Cloud2 min read

Private Cloud Adoption Predictions Driven by AI Workloads

Photo for Rob TiffanyRob Tiffany
Business professional interacting with an AI interface on a tablet, surrounded by visual elements representing private cloud infrastructure

IDC Guest Post (Sponsored by Broadcom)

According to the 2026 IDC Cloud FutureScape, by 2028, 40% of all large enterprises will adopt private clouds for their AI workloads to meet stringent data privacy requirements and mitigate risks of sensitive information leakage to public large language models (LLMs).

This shift will enable enterprises to maintain complete control over data governance, ensuring proprietary information, customer data, and intellectual property remain within secured environments. Organizations will deploy dedicated AI infrastructure in their private datacenters or colocation facilities, running private or open-weight AI models. This approach addresses regulatory compliance, prevents competitive intelligence exposure, and provides full audit trails while maintaining sovereignty over AI training and inference processes.     

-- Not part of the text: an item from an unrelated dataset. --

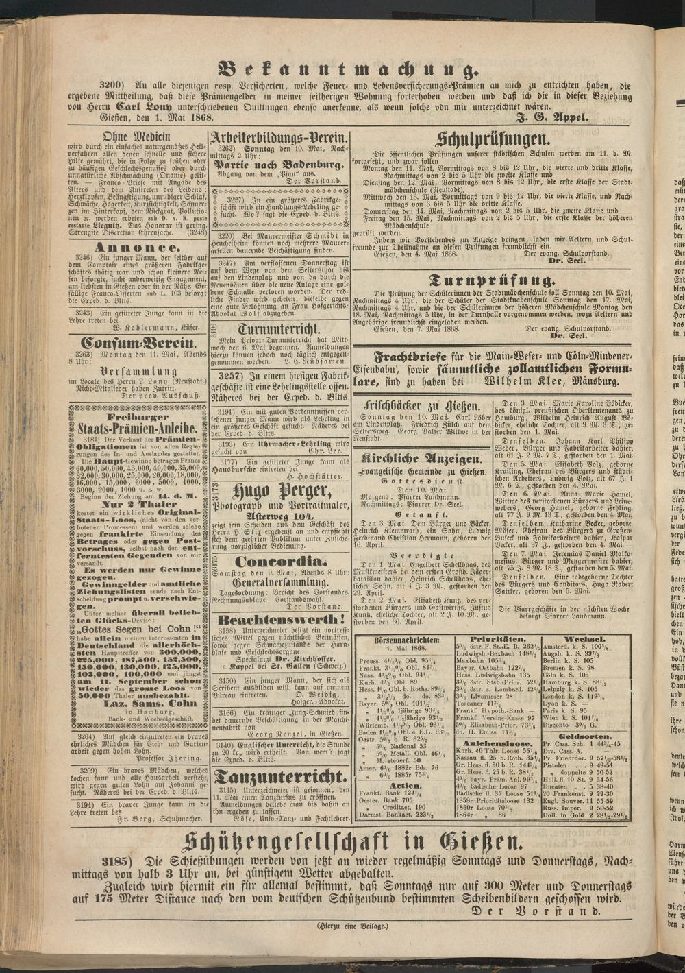 Gießen, den 7. Ma! 1868. Der evang. Schulvorstand.

Geopolitical uncertainties will accelerate the adoption of private cloud, as 60% of organizations with digital sovereignty requirements will be migrating sensitive workloads to new cloud environments to increase autonomy and reduce risk. 

Impact on Information Technology

IT must embrace new levels of infrastructure complexity in building and managing private, dedicated AI infrastructure including GPU clusters, model registries, and data pipelines to support retrieval-augmented generation (RAG) and fine tuning. IT must expand security responsibilities as it secures the entire AI stack, from model weights to training data, implementing zero-trust architectures for AI workloads running in the private cloud. Holistically, this shift toward private AI will lead IT to begin moving from a "public cloud first" to a "control first" focus when planning for AI adoption.

Impact on Business

Due to increased confidence in AI adoption, business units will accelerate AI initiatives knowing sensitive customer data, trade secrets, and proprietary processes remain fully protected in the private cloud. While private AI infrastructure requires significant upfront investment, organizations gain predictable costs, avoid vendor lock-in, and eliminate growing transaction fees to deliver better ROI for the business.

Guidance

Establish a data classification framework where tiers for data sensitivity (public, internal, confidential, restricted) are defined. Map which AI use cases require low-latency intelligence via private infrastructure versus high-latency, public LLMs. Design and build a hybrid AI infrastructure that seamlessly routes workloads between private and public environments based on data sensitivity. Start with high-risk use cases that prioritize private cloud deployment for workloads involving PII, financial data, or IP-sensitive processes to demonstrate compliance value.

Conclusion

To avoid the exfiltration of corporate data to a public LLM running in another organization’s cloud, it’s important for IT to run AI workloads privately on the company's own infrastructure. Utilize pre-trained, open-weight, small and large language models from trusted sources in the organization's datacenter or colocation facility. Fine-tune those models with corporate data in the company's private cloud to become an invaluable resource for employees.